Task objective – Your task is to retype, word for word, the lines from the start of the data through the line holding "На дне чашки". Do not include the pictures.

Data provided –

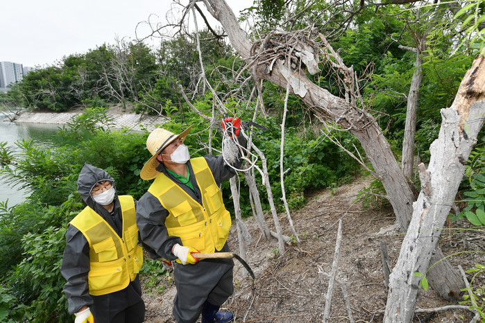 수원시 공직자와 환경단체 회원 등 10여 명은 축만제 내 인공섬에서 생활 쓰레기·고사한 나뭇가지 등 폐기물을 수거하고, 가시박·환삼덩굴 등 생태계 교란 야생식물을 제거했다.
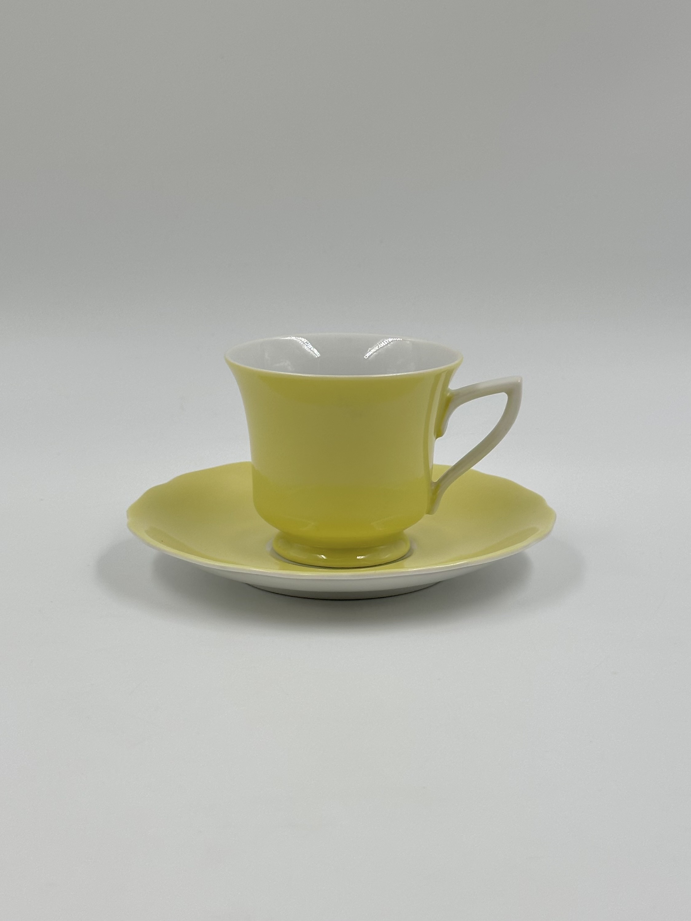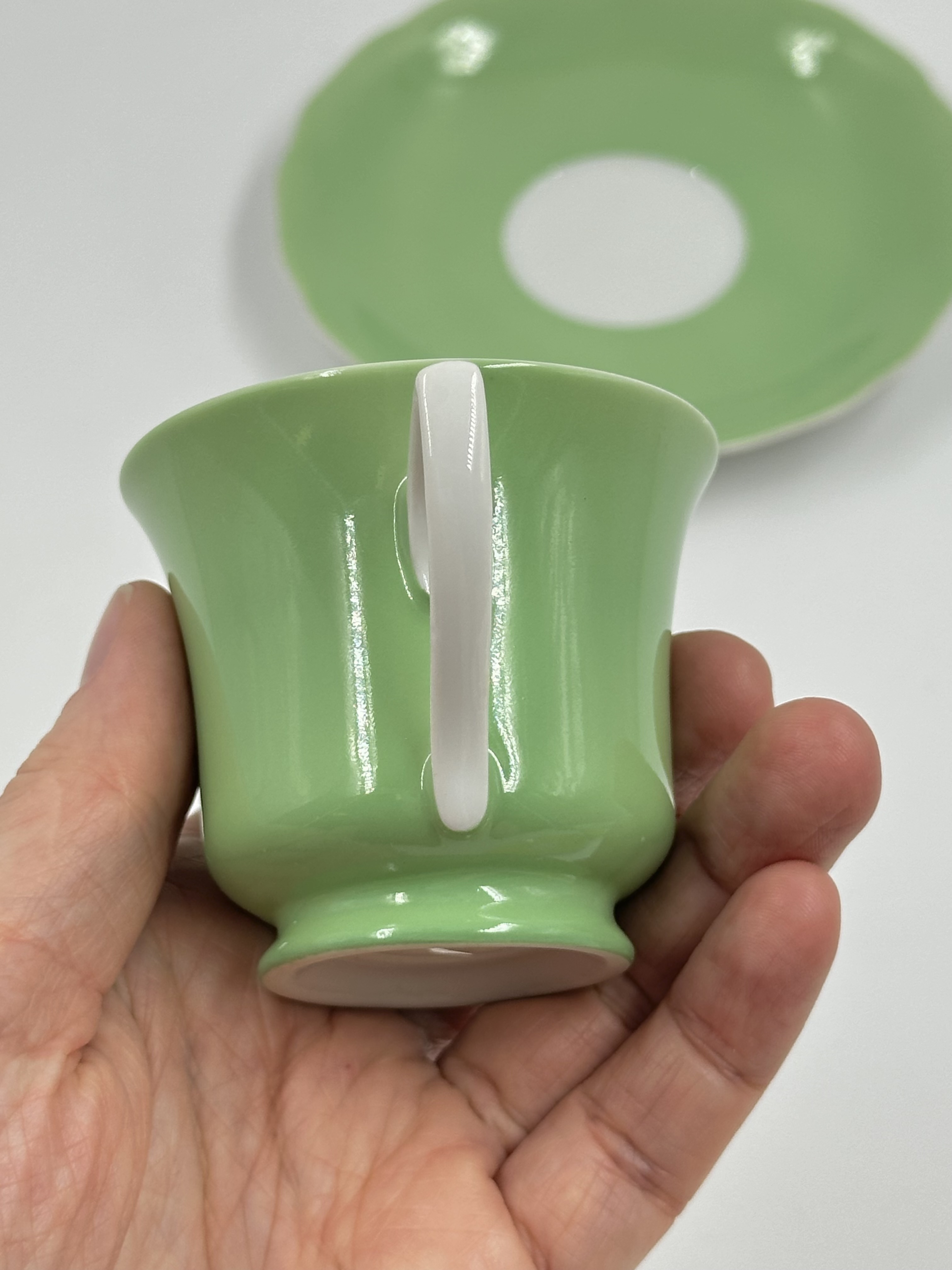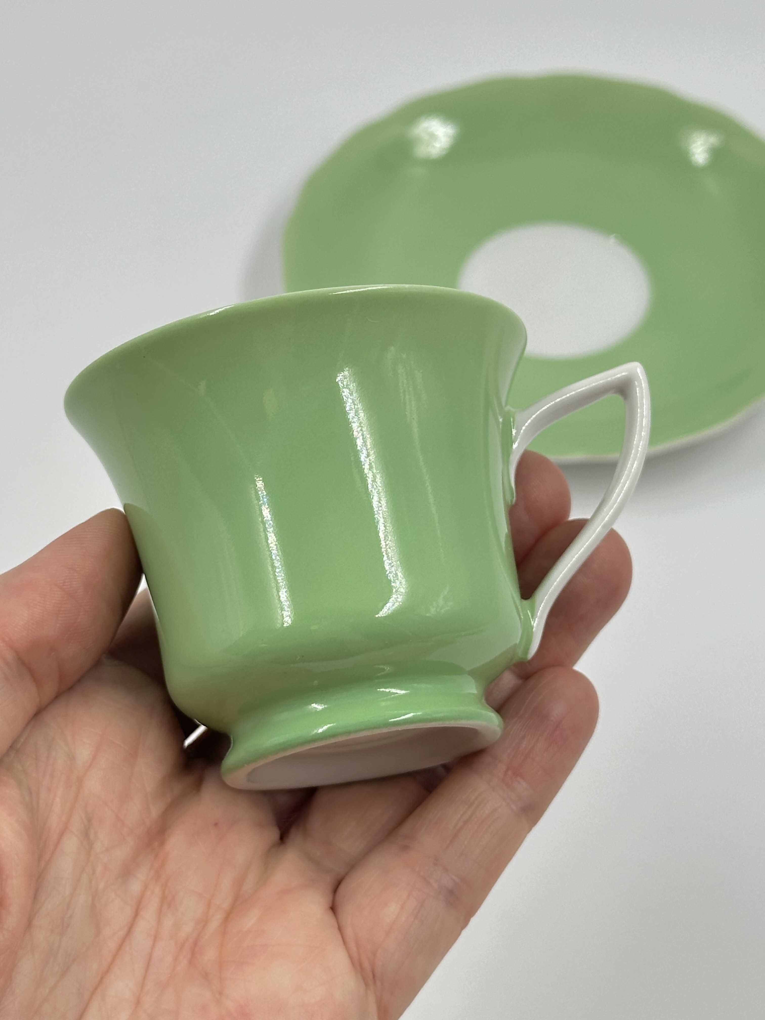 На дне чашки производственный дефект - частично отсутствует глазурь. Диаметр блюдца 11,5см, объём чашки 75мл. Чехословакия.
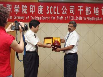 2006年9月,第五届国际矿山救援技术竞赛在我院隆重举行,参赛的印度辛格南尼煤炭公司队员对平煤集团在特殊的地质条件下,所取得高产高效的安全生产业绩,留下了深刻印象。他们希望派出中层干部前来学习。2007年3月25日,我院正式与印度辛格南尼煤炭公司签订外事培训协议,他们选派8名有着10年以上专业工作经历、工程师以上专业级别的中层干部到我院进行为期一个月的煤炭开采综合技术培训。

Result of this task –
 수원시 공직자와 환경단체 회원 등 10여 명은 축만제 내 인공섬에서 생활 쓰레기·고사한 나뭇가지 등 폐기물을 수거하고, 가시박·환삼덩굴 등 생태계 교란 야생식물을 제거했다.
 На дне чашки производственный дефект - частично отсутствует глазурь. Диаметр блюдца 11,5см, объём чашки 75мл. Чехословакия.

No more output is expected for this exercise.